There is no pleasing Duke University law professor Brandon L. Garrett, author of the death-penalty-abolishment screed End of Its Rope: How Killing the Death Penalty Can Revive Criminal Justice, though much about the current state of criminal justice should please him.  Nationwide, death sentences and executions are at historic lows, yet he claims that the criminal-justice system has an appetite for vengeance.  Capital-murder defendants eagerly confess under oath to horrible murders to avoid execution and take up state residence at taxpayer expense, yet he considers life without parole to be as immoral as the death penalty.  Public safety has increased along with incarcerations, yet he believes that all nonviolent crimes should be decriminalized and rehabilitation for all should be the only just response to lawlessness.  Erroneous convictions are rare, challenged, and corrected (and sometimes overcorrected), yet he claims that they are a significant problem that junk science and lying jailhouse snitches perpetuate.  More whites than blacks are on death row even though blacks commit more murders than whites, yet the author complains that the death penalty discriminates against blacks.  He alleges that the system criminalizes mental illness, yet drug and mental-health courts offer treatment in lieu of incarceration for those who are motivated.  He claims that innocent people have been executed, but regarding the only two examples he offers, Texans Cameron Todd Willingham and Carlos DeLuna, evidence of guilt was overwhelming, and the defendants declined to testify to their innocence.  Alas, the author’s assessment of the criminal-justice system does not withstand scrutiny.

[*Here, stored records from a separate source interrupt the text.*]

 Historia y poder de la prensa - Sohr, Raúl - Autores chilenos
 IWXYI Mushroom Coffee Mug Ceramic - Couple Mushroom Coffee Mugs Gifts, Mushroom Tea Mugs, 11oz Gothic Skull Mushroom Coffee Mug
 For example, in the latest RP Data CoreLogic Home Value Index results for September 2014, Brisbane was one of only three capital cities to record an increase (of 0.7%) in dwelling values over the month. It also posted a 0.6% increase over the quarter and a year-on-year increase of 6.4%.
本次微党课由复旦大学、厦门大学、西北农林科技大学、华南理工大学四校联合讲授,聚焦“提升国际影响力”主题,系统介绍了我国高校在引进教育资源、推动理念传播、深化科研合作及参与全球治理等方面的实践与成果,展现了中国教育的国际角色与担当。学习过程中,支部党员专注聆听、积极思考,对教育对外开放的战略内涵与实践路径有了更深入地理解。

So what is the state of the criminal-justice system?  We must first dispense with the assertion that the system is convicting the innocent in substantial numbers.  The author alleges that “we have no idea how many . . . people have been wrongfully convicted.”  Actually, we do, and it is not very many.  A 2018 article by University of Utah law professor Paul Cassell published in the University of Arizona Law Review puts the conviction-error rate for violent crimes at 0.016 percent to 0.062 percent.  Coupling this statistic with the fact that not a single innocent person has ever been executed in the United States, we must conclude that the criminal justice system is healthy in important ways.

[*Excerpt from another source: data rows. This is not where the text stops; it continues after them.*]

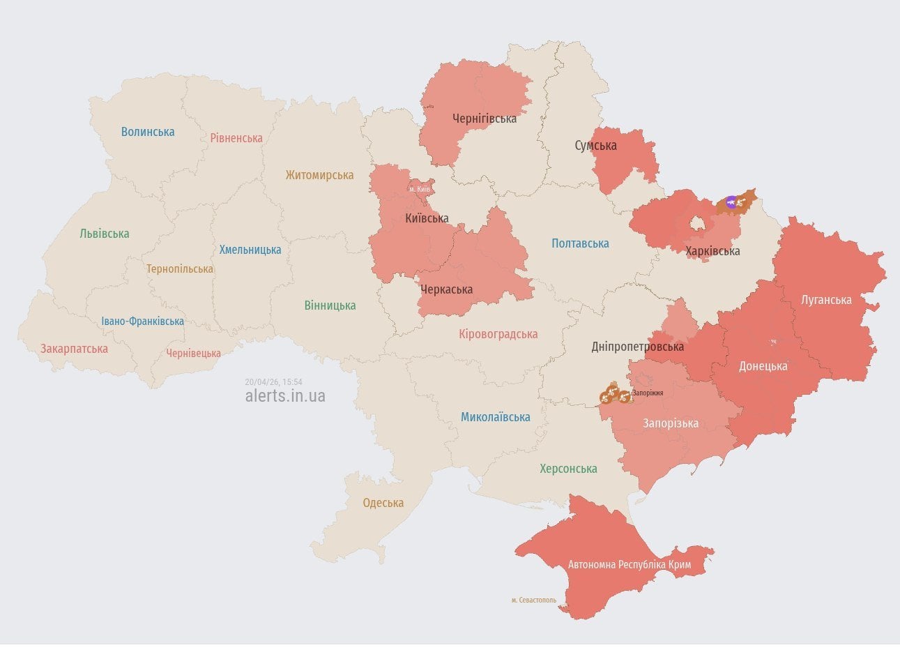 У Києві пообіді 20 квітня оголосили повітряну тривогу через загрозу від ворожих безпілотників. Сирени також лунають у низці інших регіонів.
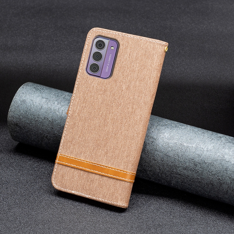 Funda de Cuero para Nokia G42/G310 con Tapa Horizontal y Textura de Mezclilla (Marrón)
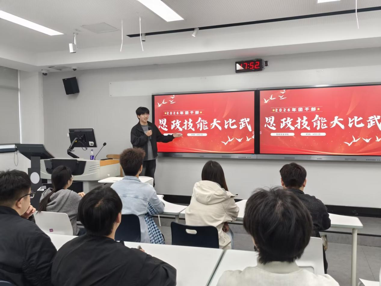 为深入学习贯彻习近平新时代中国特色社会主义思想,纵深推进思政教育与专业教育深度融合,切实锤炼团干部的思政素养、宣讲能力与履职本领,4月18日,智能装备学院团干部思政技能大比武选拔赛在教学楼 A204圆满举办。本次比赛共有15名团干部报名参赛,选手们以青春之声传递思想伟力,充分展现了学院青年学子坚定的理想信念与昂扬的精神风貌。
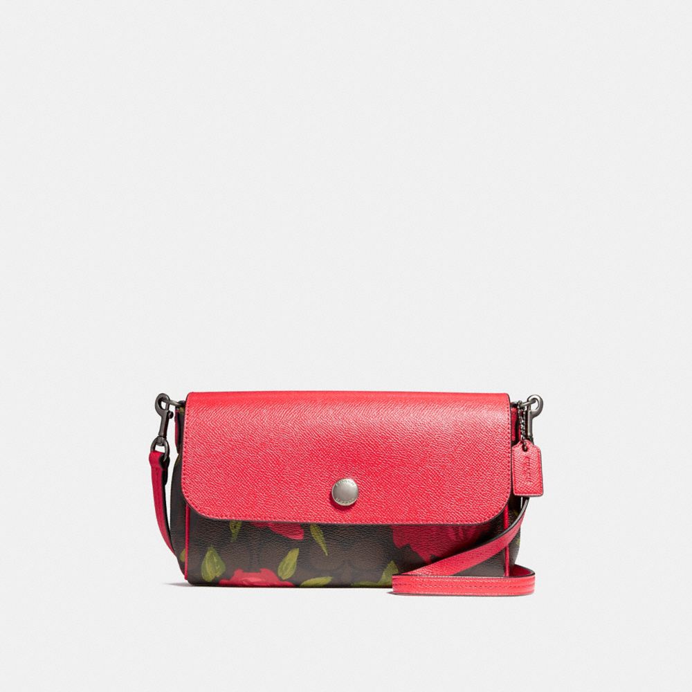 1. COACH f28188 - REVERSIBLE CROSSBODY WITH CAMO ROSE FLORAL PRINT - BLACK ANTIQUE NICKEL/BROWN RED MULTI
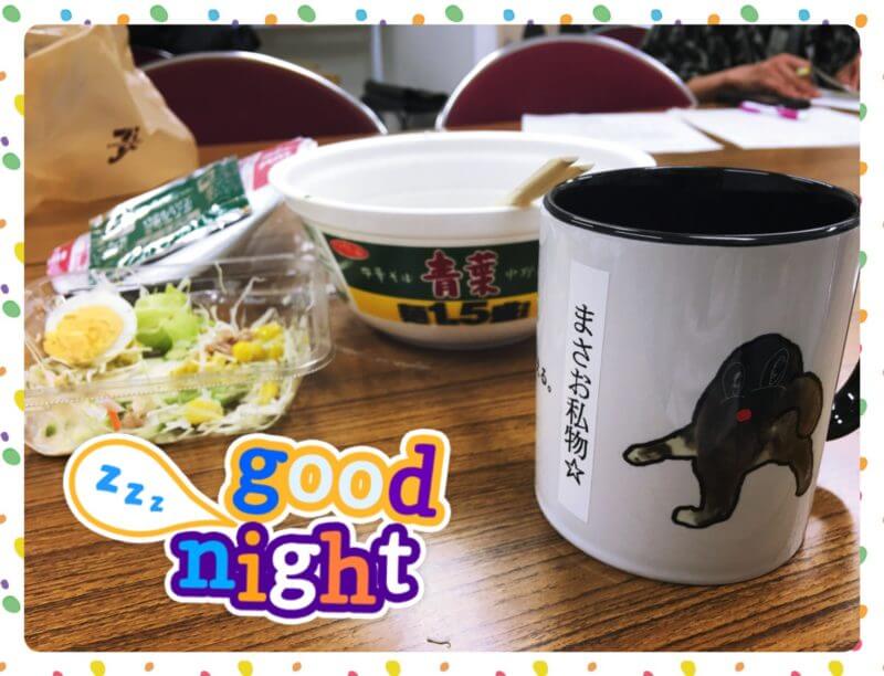 写真は本日の夜食(保健センターで勉強会があったため)と、今日ももぐりんのマグカップです。笑
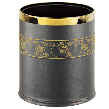 南 GPX-45N 南方圆形双层浮雕花房间桶 黑色回形花 商用酒店宾馆客房垃圾桶 房间桶 果皮桶 内桶容量9.8升

Second, we must happily acknowledge that violent crime is down from highs of 25 years ago, almost certainly because of, not in spite of, high incarceration rates.  The author rejects causation here, asking, “Why are life and life-without-parole sentences growing during a time when crime is declining?”  (To which we can only answer, “Fox Butterfield, is that you?”)  But crime rates are still too high.  Today, a main failure of the criminal-justice system is the increasing inability of our largest police forces to solve murders.  Indeed, until the crime rate drops to zero, we must conclude that the incarceration rate is not as high as it needs to be.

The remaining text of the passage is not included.